━━━ Information given

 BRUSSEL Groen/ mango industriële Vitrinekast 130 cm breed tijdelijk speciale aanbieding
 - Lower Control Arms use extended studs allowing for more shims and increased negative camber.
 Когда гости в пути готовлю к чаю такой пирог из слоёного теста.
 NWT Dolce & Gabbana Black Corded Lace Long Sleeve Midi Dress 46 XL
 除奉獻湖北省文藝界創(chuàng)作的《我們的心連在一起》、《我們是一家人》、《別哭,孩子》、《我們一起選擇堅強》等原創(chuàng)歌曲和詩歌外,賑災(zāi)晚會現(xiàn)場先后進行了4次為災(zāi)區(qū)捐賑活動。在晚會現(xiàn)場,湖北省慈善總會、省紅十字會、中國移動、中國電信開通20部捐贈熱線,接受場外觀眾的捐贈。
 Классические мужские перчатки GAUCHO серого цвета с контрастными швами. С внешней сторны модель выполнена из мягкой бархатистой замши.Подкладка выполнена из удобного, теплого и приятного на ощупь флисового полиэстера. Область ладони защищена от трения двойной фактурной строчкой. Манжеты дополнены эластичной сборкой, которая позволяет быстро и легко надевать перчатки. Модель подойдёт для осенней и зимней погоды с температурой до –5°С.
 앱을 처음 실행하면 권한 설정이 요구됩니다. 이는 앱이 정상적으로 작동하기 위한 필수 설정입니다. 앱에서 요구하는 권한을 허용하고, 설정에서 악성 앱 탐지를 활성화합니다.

━━━━━━
━━━ Information given

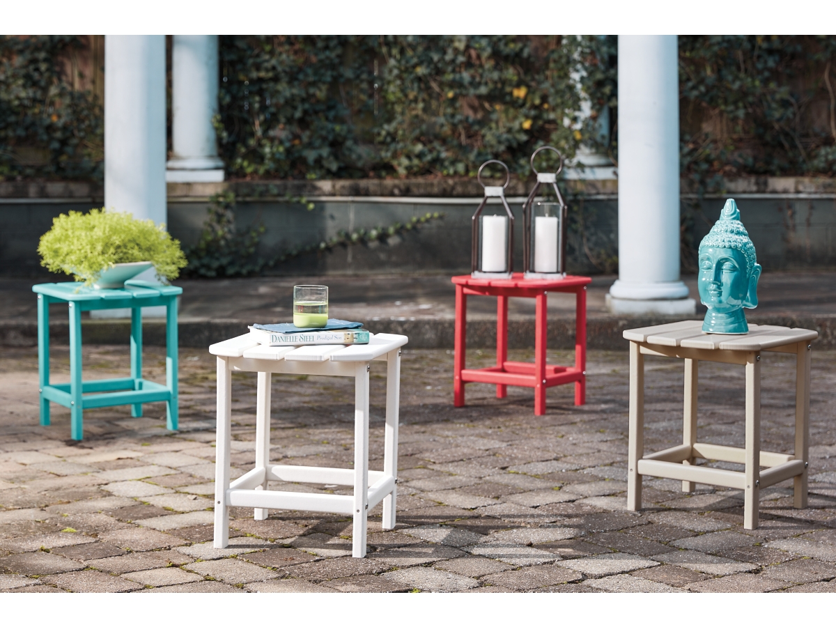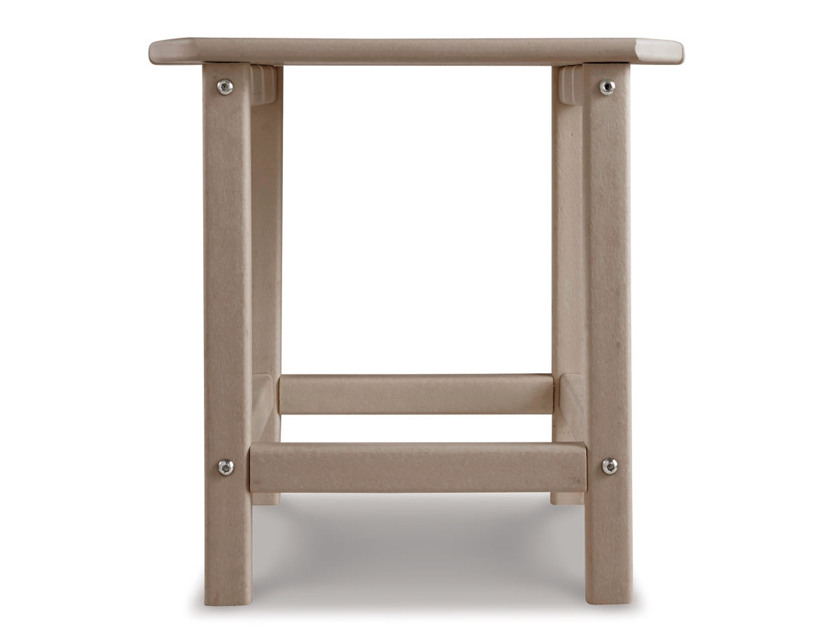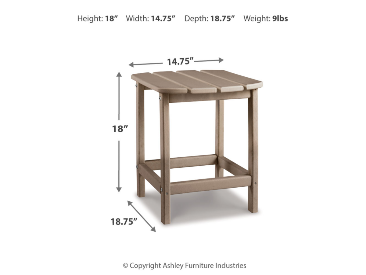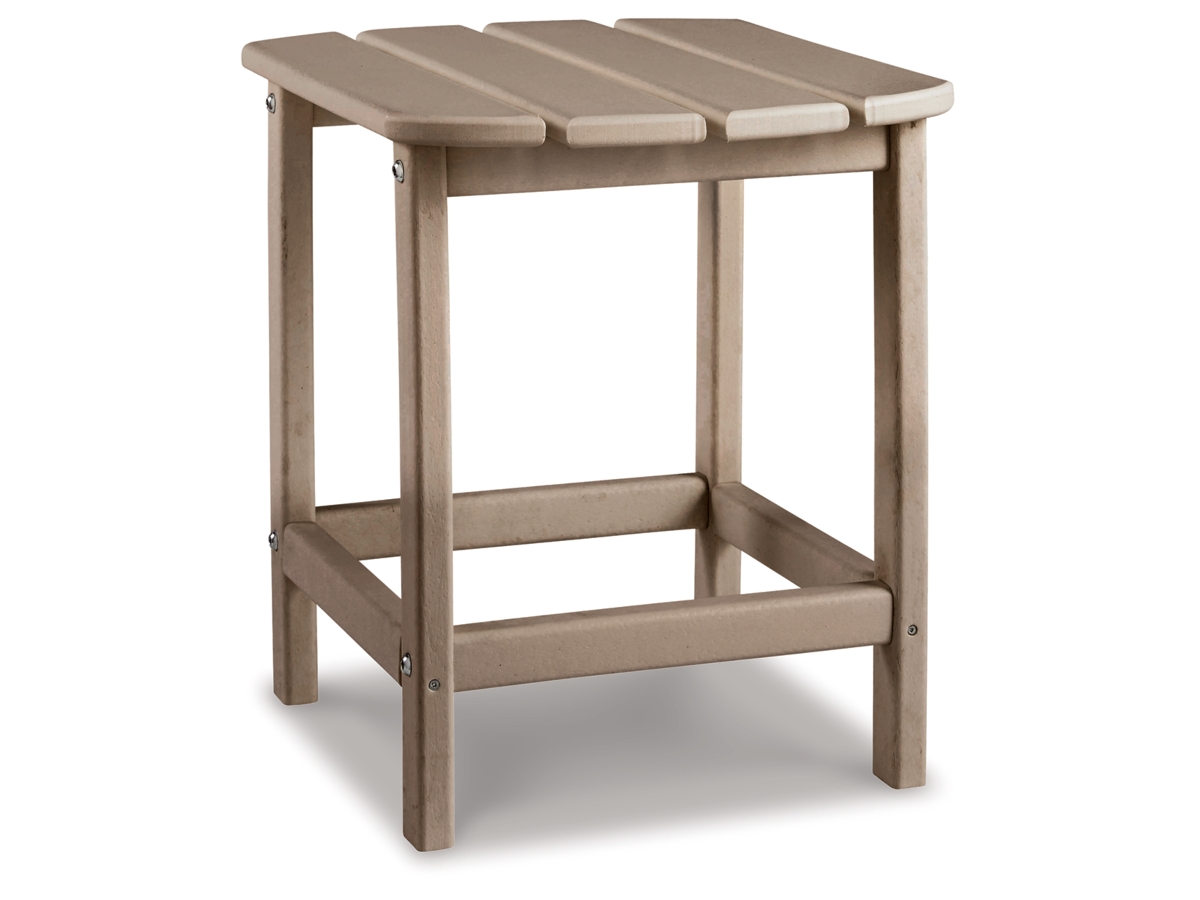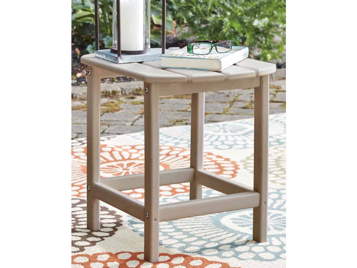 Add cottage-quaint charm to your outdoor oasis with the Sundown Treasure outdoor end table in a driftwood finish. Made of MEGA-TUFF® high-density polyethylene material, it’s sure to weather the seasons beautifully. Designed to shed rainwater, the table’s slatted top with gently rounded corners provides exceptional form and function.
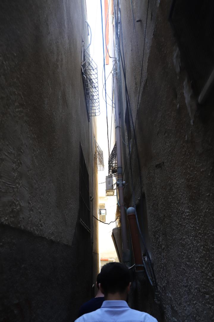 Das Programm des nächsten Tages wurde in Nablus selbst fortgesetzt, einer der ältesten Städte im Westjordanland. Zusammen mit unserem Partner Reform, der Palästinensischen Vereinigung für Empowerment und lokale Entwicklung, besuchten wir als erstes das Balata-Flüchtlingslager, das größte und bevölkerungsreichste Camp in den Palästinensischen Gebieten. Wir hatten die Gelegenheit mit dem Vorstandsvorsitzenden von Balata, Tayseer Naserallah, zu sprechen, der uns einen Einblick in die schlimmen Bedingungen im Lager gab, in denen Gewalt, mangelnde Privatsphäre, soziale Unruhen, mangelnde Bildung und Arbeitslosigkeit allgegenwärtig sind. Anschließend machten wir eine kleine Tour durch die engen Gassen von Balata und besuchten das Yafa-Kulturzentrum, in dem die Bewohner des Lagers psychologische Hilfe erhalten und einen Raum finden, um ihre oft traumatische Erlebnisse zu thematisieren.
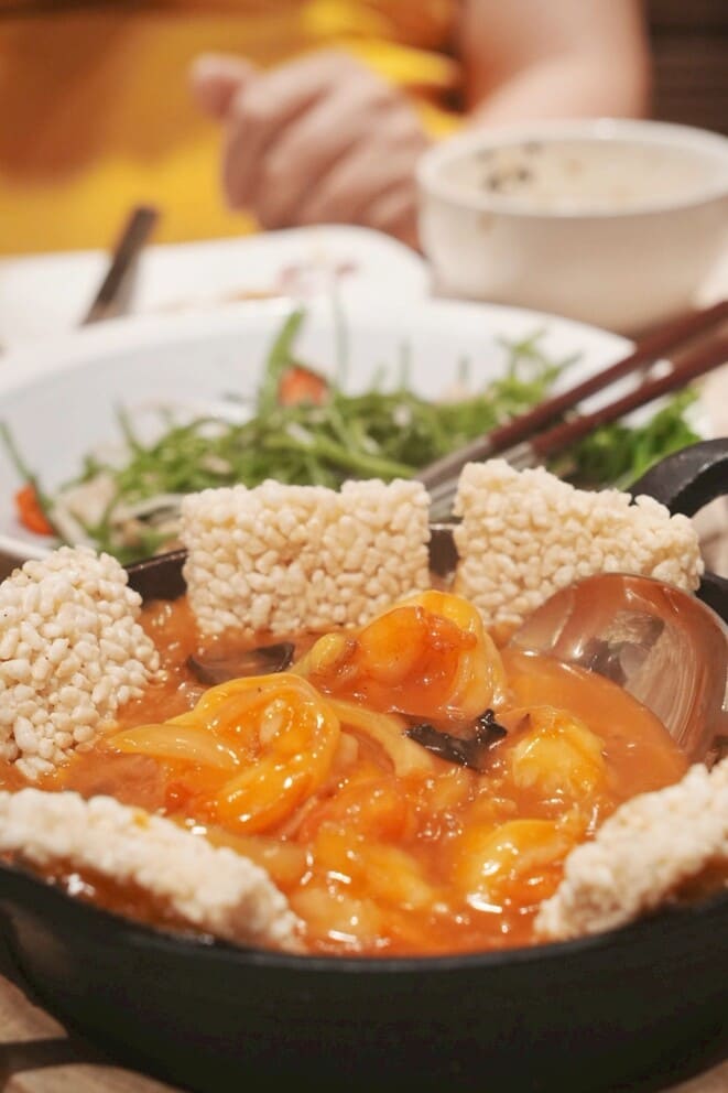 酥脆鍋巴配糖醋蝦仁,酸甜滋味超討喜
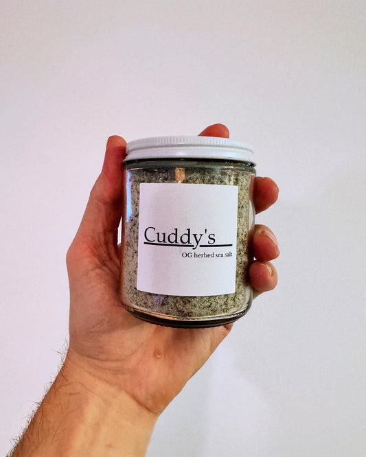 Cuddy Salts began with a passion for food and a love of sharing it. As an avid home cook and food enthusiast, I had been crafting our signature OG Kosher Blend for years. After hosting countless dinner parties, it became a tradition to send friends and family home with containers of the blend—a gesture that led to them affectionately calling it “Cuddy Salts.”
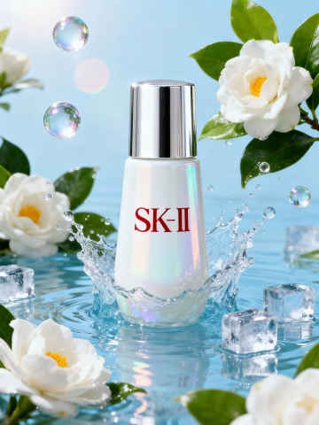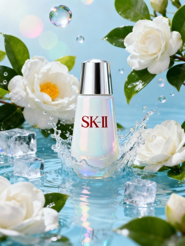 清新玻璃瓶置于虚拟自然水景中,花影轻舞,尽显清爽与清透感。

━━━━━━

## [What you should do]
From the records above, copy out the line with "Когда гости в", the line with "앱을 처음 실행하면 권한", and every line between them, word for word.

## [Answer space]
 Когда гости в пути готовлю к чаю такой пирог из слоёного теста.
 NWT Dolce & Gabbana Black Corded Lace Long Sleeve Midi Dress 46 XL
 除奉獻湖北省文藝界創(chuàng)作的《我們的心連在一起》、《我們是一家人》、《別哭,孩子》、《我們一起選擇堅強》等原創(chuàng)歌曲和詩歌外,賑災(zāi)晚會現(xiàn)場先后進行了4次為災(zāi)區(qū)捐賑活動。在晚會現(xiàn)場,湖北省慈善總會、省紅十字會、中國移動、中國電信開通20部捐贈熱線,接受場外觀眾的捐贈。
 Классические мужские перчатки GAUCHO серого цвета с контрастными швами. С внешней сторны модель выполнена из мягкой бархатистой замши.Подкладка выполнена из удобного, теплого и приятного на ощупь флисового полиэстера. Область ладони защищена от трения двойной фактурной строчкой. Манжеты дополнены эластичной сборкой, которая позволяет быстро и легко надевать перчатки. Модель подойдёт для осенней и зимней погоды с температурой до –5°С.
 앱을 처음 실행하면 권한 설정이 요구됩니다. 이는 앱이 정상적으로 작동하기 위한 필수 설정입니다. 앱에서 요구하는 권한을 허용하고, 설정에서 악성 앱 탐지를 활성화합니다.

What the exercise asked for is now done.